Hector crouched and touched the earth.
— Here. Fermented Ayvu scent. Too much life in one spot.
— How many? — Thomas asked, though he already knew.
Hector closed his eyes for a second.
— Five. Maybe six. Three nearby. Two to the left, behind that rock. One above, on that snapped trunk. And one… that isn't moving.
Thomas stretched his neck.
— Permission to engage?
— Permission granted. — Hector answered without hesitation. —
But remember: I want precision, not a show.
Thomas didn't reply. His eyes had already changed,as if the life in them had vanished — the black of his irises turned ashen, gaining a new layer of depth, like a well with no bottom. His pupils dilated unnaturally, swallowing the light.
Even the muscles in his face had relaxed completely, as if numb — no tension, no emotion, like someone who'd injected cold steel into his veins.
A state beyond calm — Absolute Focus.
Ayvu rose from his body like hot vapor — Dense. Warm. Almost invisible.
His chest expanded.
Heart rate dropped.
The daggers came to him with a whisper of air.
Clink.
They locked into his hands like they were alive.

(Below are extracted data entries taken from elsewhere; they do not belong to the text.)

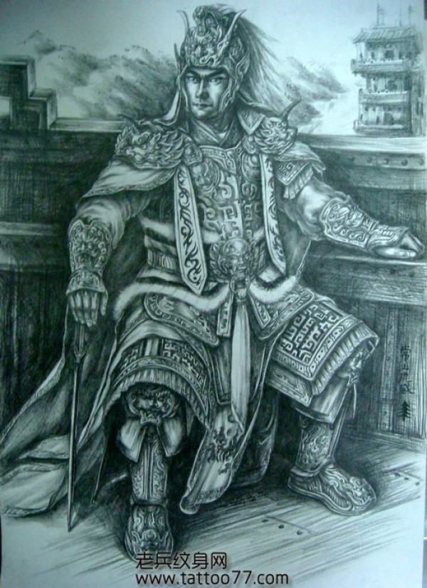 超经典满背赵云纹身手稿_后背纹身图案大全_纹身图吧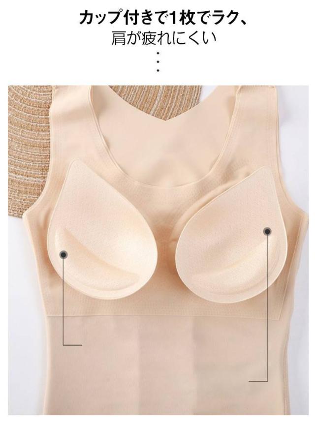 | ・着るだけでバストメイク完成♪ ・カップ付きで1枚でラク、肩が疲れにくい ・締めつけ感のないノンワイヤー仕様だから、長時間の着用もストレスフリー◎ ・バストアップ&ウエストシェイプデザインが女性らしいくびれを作り、姿勢もサポートしてくれます。 | |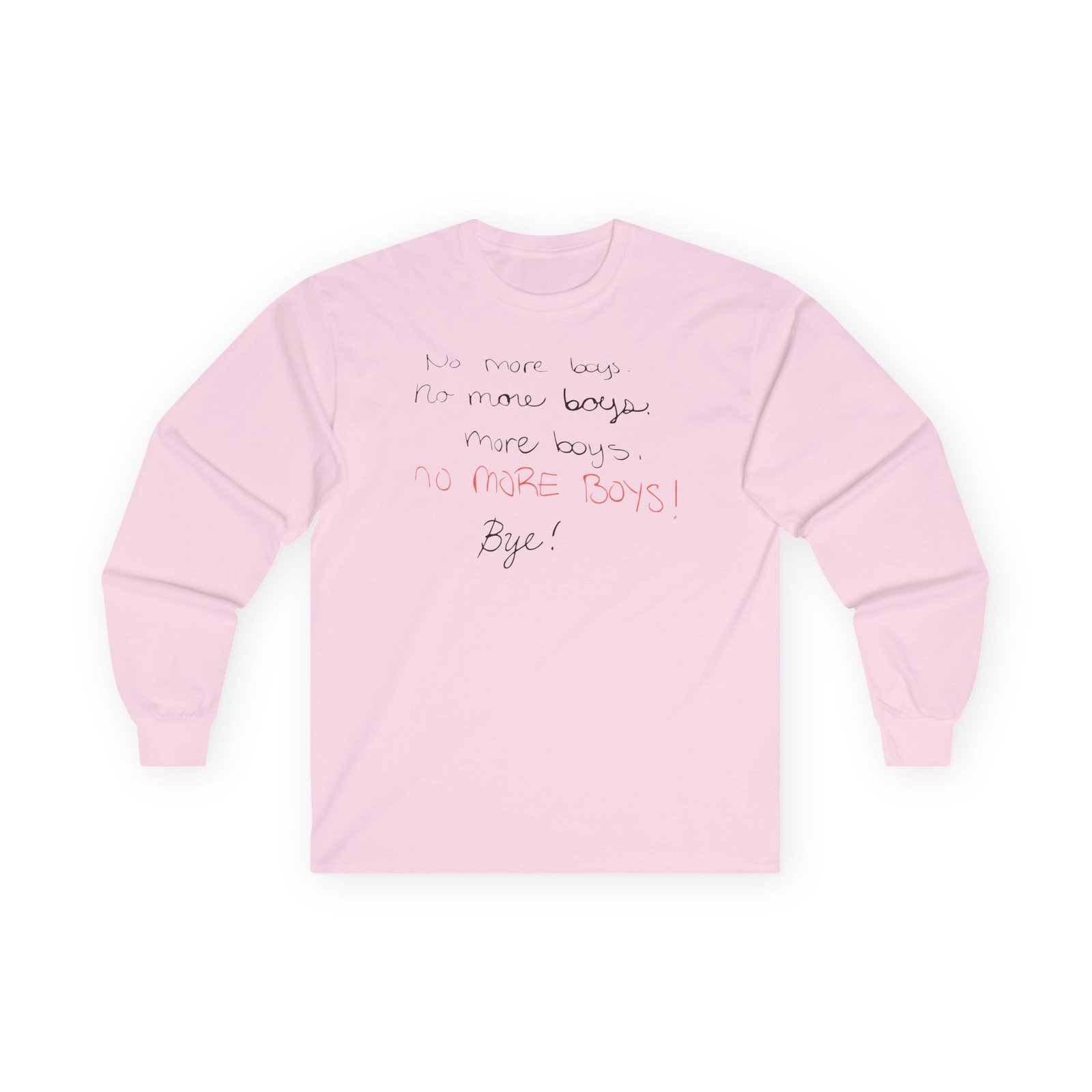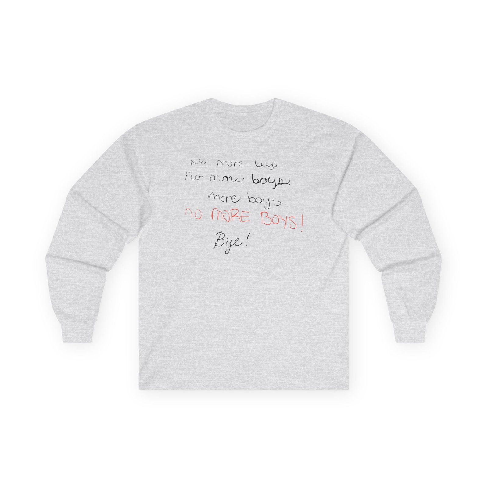 A bit more formal than a standard-issue t-shirt, the Smosh No More Boys ultra cotton long sleeve tee is a clear comfort winner. The sleeves also act as a nice frame. There are no side seams. The shoulders are taped for improved durability. This makes for a good fitting around the shoulders and neck. The cotton used for these shirts is environmentally friendly.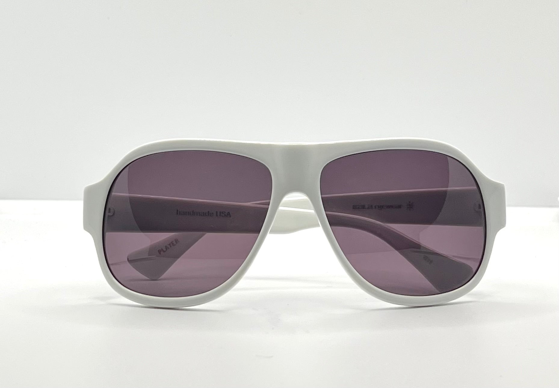 Kala Eyewear “Player” – White Acetate Frame – Dark Plum Lenses – Handmade in the USA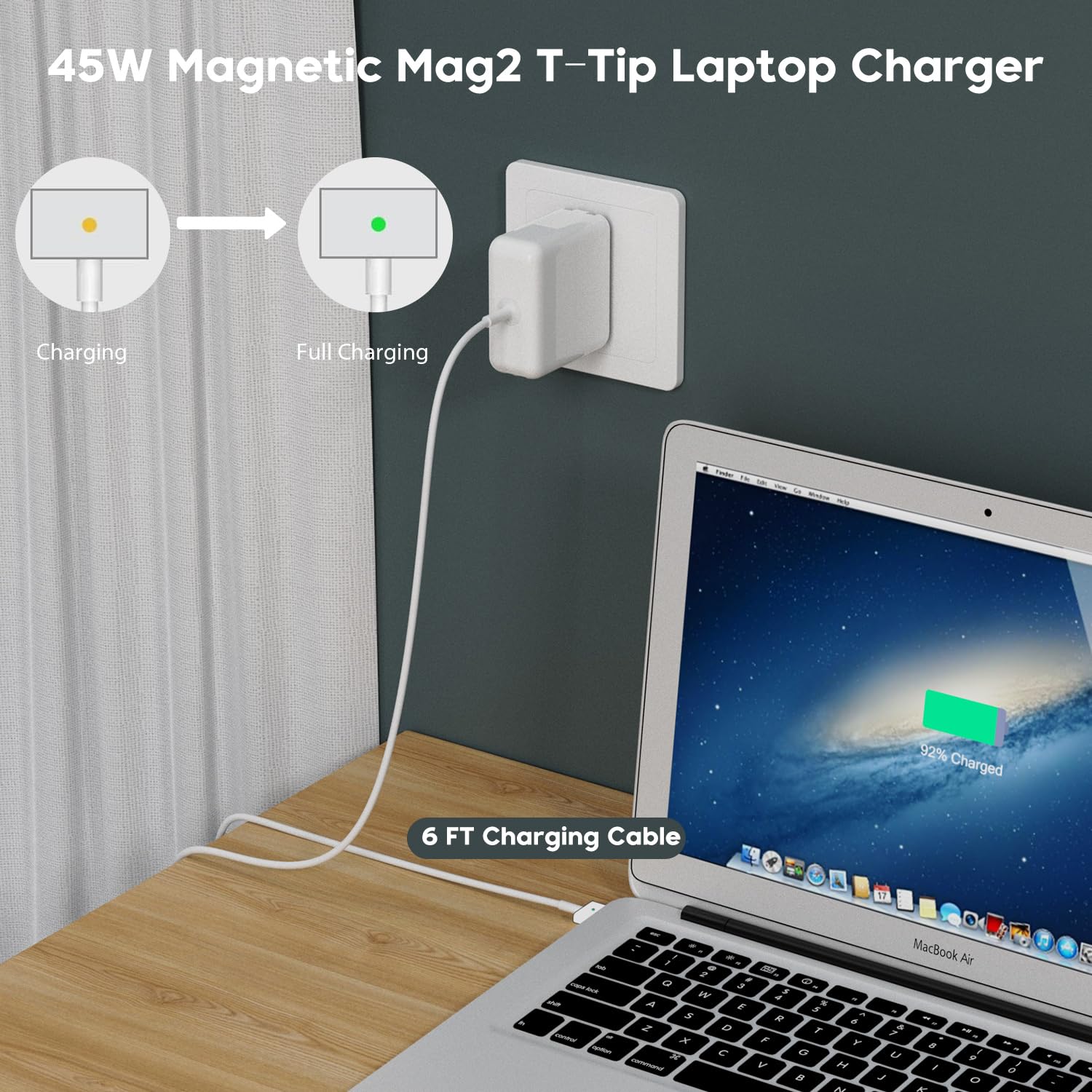 - [LED Status Indicator]:The amber light of this 45W MagSafe 2 Power Adapter means your laptop is charging, while the green light indicates your laptop is fully charged.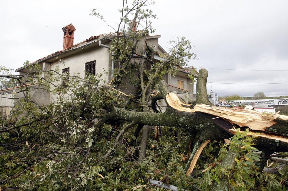 Kako nam je rekla gospođa Batel, rano jutros probudio ju je jaki huk pa je ustala i sišla u prizemlje taman kada je pijavica probila balkonski prozor, ušla u kuću, porazbacala stvari po kuhinji i dnevnom boravku, izbila pregradni zid od brodskog poda, porazbijala prozore u tim prostorijama i izašla na vrata od hodnika. Osim toga, srušila je i ogroman zdravi hrast u dvorištu i bacila ga na njihovu kuću, piše Glas Istre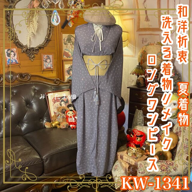 【 夏着物リメイク ロング ワンピース/ドレス/洗える化繊 帯サッシュベルト 滅紫のシースルー・モード KW-1341】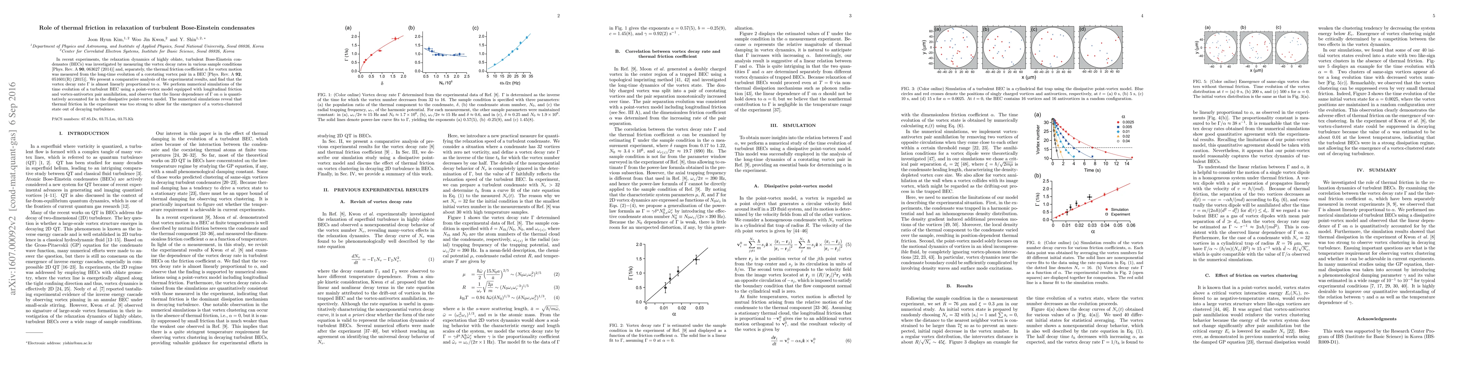 In recent experiments, the relaxation dynamics of highly oblate, turbulent Bose-Einstein condensates (BECs) was investigated by measuring the vortex decay rates in various sample conditions [Phys. Rev. A $\bf 90$, 063627 (2014)] and, separately, the thermal friction coefficient $\alpha$ for vortex motion was measured from the long-time evolution of a corotating vortex pair in a BEC [Phys. Rev. A $\bf 92$, 051601(R) (2015)]. We present a comparative analysis of the experimental results, and find that the vortex decay rate $\Gamma$ is almost linearly proportional to $\alpha$. We perform numerical simulations of the time evolution of a turbulent BEC using a point-vortex model equipped with longitudinal friction and vortex-antivortex pair annihilation, and observe that the linear dependence of $\Gamma$ on $\alpha$ is quantitatively accounted for in the dissipative point-vortex model. The numerical simulations reveal that thermal friction in the experiment was too strong to allow for the emergence of a vortex-clustered state out of decaying turbulence.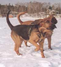 A powerful hound built for manhunting. He as the most remarkable scenting ability. He has a rather solom expression and thin loose skin. Gently treatment is needed with this rather sensitive dog. They require a lot of exercise and training to get the best from them. The coat is short and flat.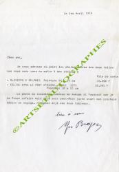 BRAYER YvesLettre dactylographiée signée. 1er avril 1978 ; 1 page in-4°. Il s’agit d’une proposition de deux de ses toiles : « Je vous adresse ci-joint les photographies des deux toiles que vous avez vues ce matin à mon atelier : — Oliviers à Delphes, peinture 54 X 65 cm — prix de vente 26 500 F, — Église dans port d’Égine, Grèce, 1975 — 15 900 F. »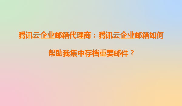 2025-09-23騰訊云企業(yè)郵箱代理商:騰訊云企業(yè)郵箱如何幫助我集中存檔重要郵件? 一、騰訊云企業(yè)郵箱的核心優(yōu)勢(shì) 騰訊云企業(yè)郵箱作為國(guó)內(nèi)領(lǐng)先的企業(yè)通信解決方案,依托騰訊強(qiáng)大的技術(shù)實(shí)力和豐富的生態(tài)資源,為...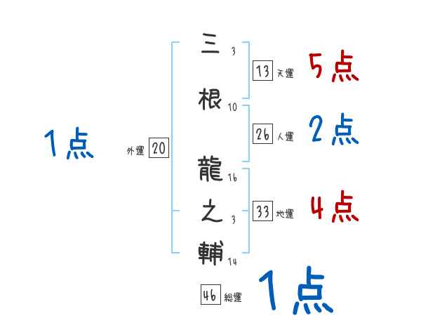 天運![]() | 三根龍之輔さんの天運は13画の5つ星!才能に恵まれ人気がある。名声を手に入れる。円満な人生。 家系が持つ宿命的な運勢を表します。祖先から受け継いだ苗字ですので自分の力が及びません。家柄を象徴します。 |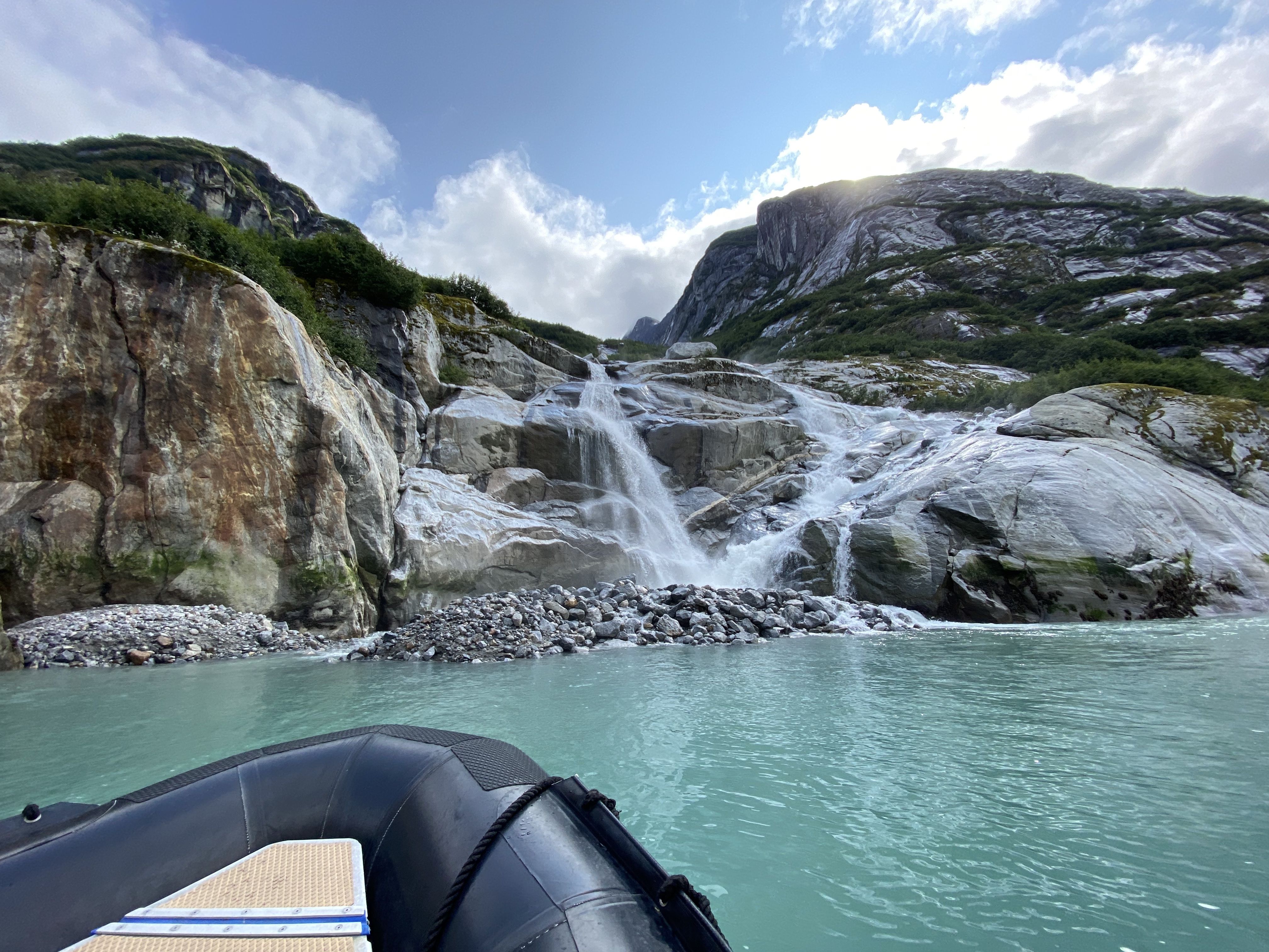 Finally, it was time for a closer look. We each found a spot in a Zodiac and wove around ice, skirted waterfalls, and felt the wind on our faces as we made our way to the face of the glacier. While we waiting to see the glacier face calve, we enjoyed listening to the sounds of the ice fizzing and knocking together, as the adorable gray faces of curious harbor seals peered at us from time to time. Suddenly, a giant block of ice sprang free from where it had been held in the glacier for the last few thousand years and plummeted into the fjord with a thunderous boom and a mighty splash. The calving continued and the sun even came out, showing off the blue ice in even greater brilliance, as we enjoyed having this incredible wilderness all to ourselves.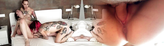 Two Tattooed Goth Girls Frigs Each Other's pussies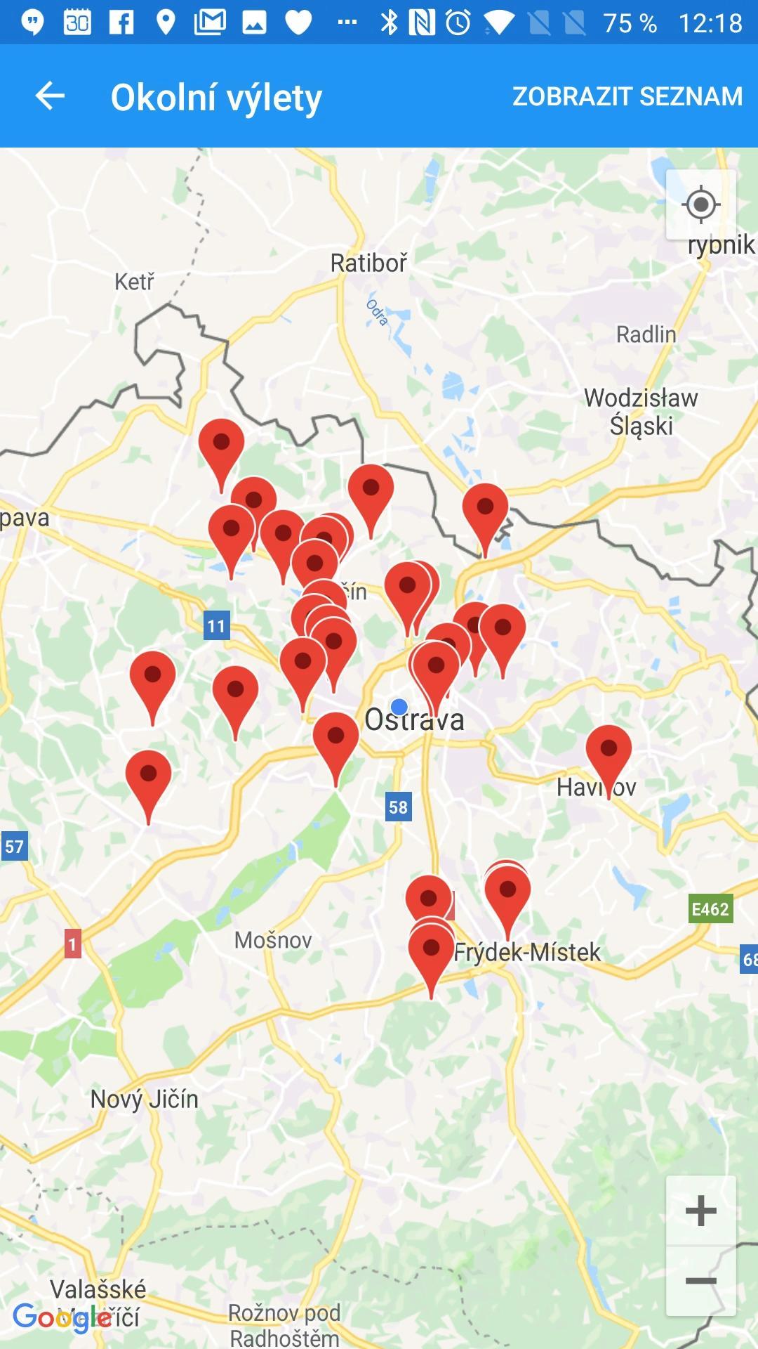 Program nevyžaduje po prvním spuštění žádná zvláštní oprávnění ani registraci, takže se rovnýma nohama ocitnete v základní nabídce, čítající šest položek. První Výlety v okolí zobrazí v mapových podkladech Google „špendlíky“ s tipy na výlety. Kromě mapy lze využít také výpis v podobě seznamu, kde jsou uvedeny základní parametry, jako je vzdálenost, obtížnost a předpokládaná doba trvání.
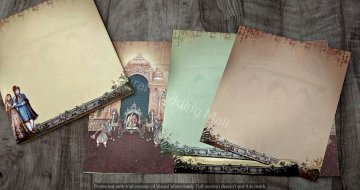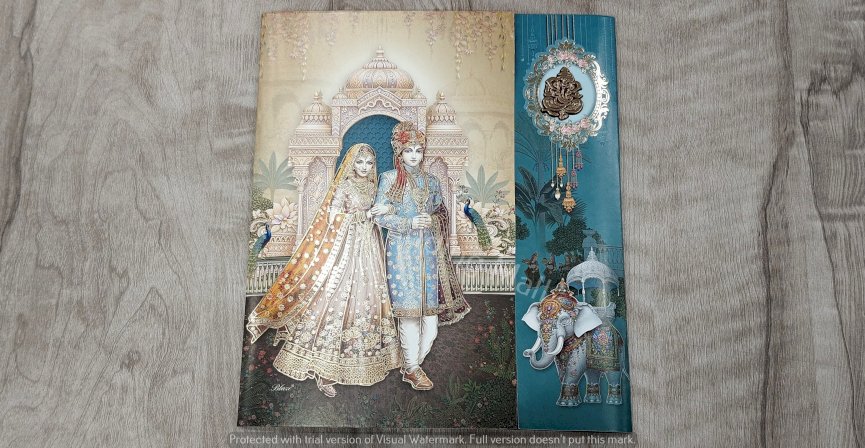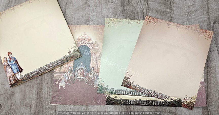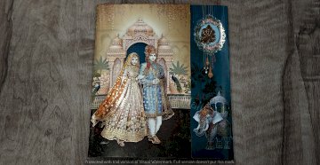 The image features a couple of pictures displayed on a table, along with a wedding card. The setting includes elements related to art and visual aesthetics, such as painting and picture frames. Clothing may also be present in the context of the wedding theme.

And then — Thomas vanished.
The first sound was dry.
A slash.
No scream.
The second was softer —
Something being smothered.
The third managed to react —
But mid-leap, the Yandu felt an invisible force snap its spine in the air.
Thomas had kicked it into a stone with a blow so casual, so violent, it echoed like bones cracking inside a casket.
Hector didn't move a muscle.
He only watched.
Thomas appeared and disappeared like a specter.
The daggers didn't dance — they cut.
Fast. Cold. Clean.
There was no pleasure. No hesitation. Only purpose.
The fourth Yandu — He went for the throat. A diagonal slash.
The creature staggered but stayed standing.
Thomas locked it in a choke with his elbow — And drove the blade into the base of its skull.
No sound.
When the last Yandu tried to flee,
Thomas used the vector of his own Ayvu to hurl himself forward like a bullet.
The leaves burst. The ground shattered. The creature became dust.
Thirty seconds. Five deaths.
Hector crossed his arms.
— Brutal. And efficient.
Thomas wiped the purple blood off his blade using the hem of his shirt.
— You don't give second chances to monsters that eat kids.
— That wasn't a fight. That was an execution.
— I'm learning from the best. — he replied, eyes glinting sideways.
Hector let out a short laugh — But the smile faded the moment they felt it.
It came like a wave.
A pressure. A presence.
Both of them stopped.
In the distance, between the trees, there was a rock formation nearly hidden by vegetation.
The smell of Ayvu there was thick. Rotten. Too alive.
— There's more here. — Thomas said, lowering his voice.
— It's not more. — Hector corrected. — It's a monster.
They looked at each other — And walked toward the cave's entrance.
The darkness inside pulsed — Literally — As if it were breathing.